§ **Input data**

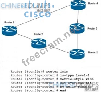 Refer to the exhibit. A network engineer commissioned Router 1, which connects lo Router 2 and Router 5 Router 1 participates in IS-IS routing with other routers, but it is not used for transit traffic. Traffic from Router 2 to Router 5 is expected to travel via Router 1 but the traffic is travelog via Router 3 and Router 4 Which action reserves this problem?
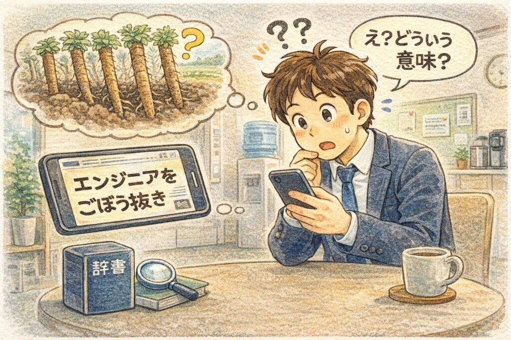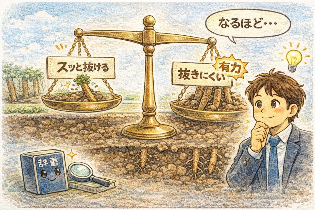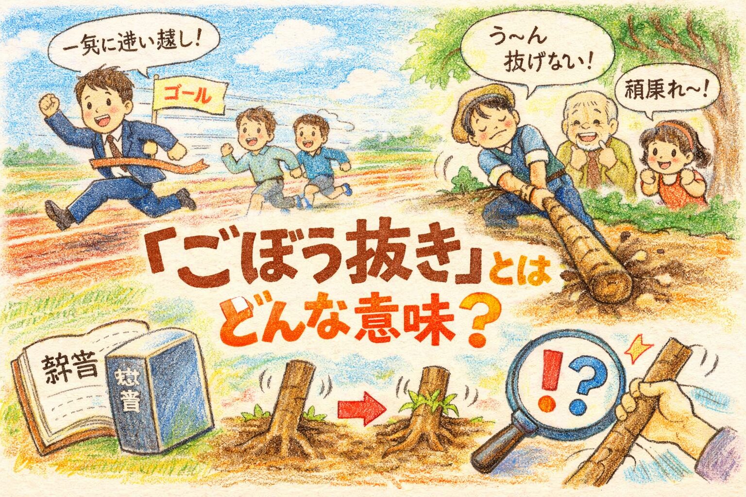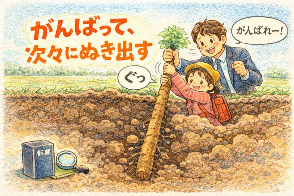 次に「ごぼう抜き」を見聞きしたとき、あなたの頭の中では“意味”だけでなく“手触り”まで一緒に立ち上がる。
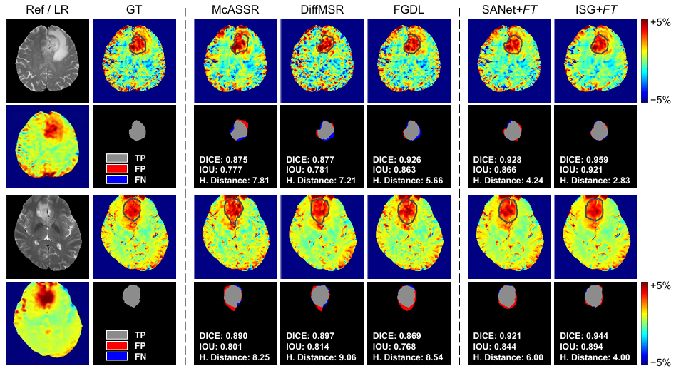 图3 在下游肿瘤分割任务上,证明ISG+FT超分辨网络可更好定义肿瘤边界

§ **Work task**
Would you retype all the lines shown above, exactly as written and without any picture?

§ **Final answer**
 Refer to the exhibit. A network engineer commissioned Router 1, which connects lo Router 2 and Router 5 Router 1 participates in IS-IS routing with other routers, but it is not used for transit traffic. Traffic from Router 2 to Router 5 is expected to travel via Router 1 but the traffic is travelog via Router 3 and Router 4 Which action reserves this problem?
 次に「ごぼう抜き」を見聞きしたとき、あなたの頭の中では“意味”だけでなく“手触り”まで一緒に立ち上がる。
 图3 在下游肿瘤分割任务上,证明ISG+FT超分辨网络可更好定义肿瘤边界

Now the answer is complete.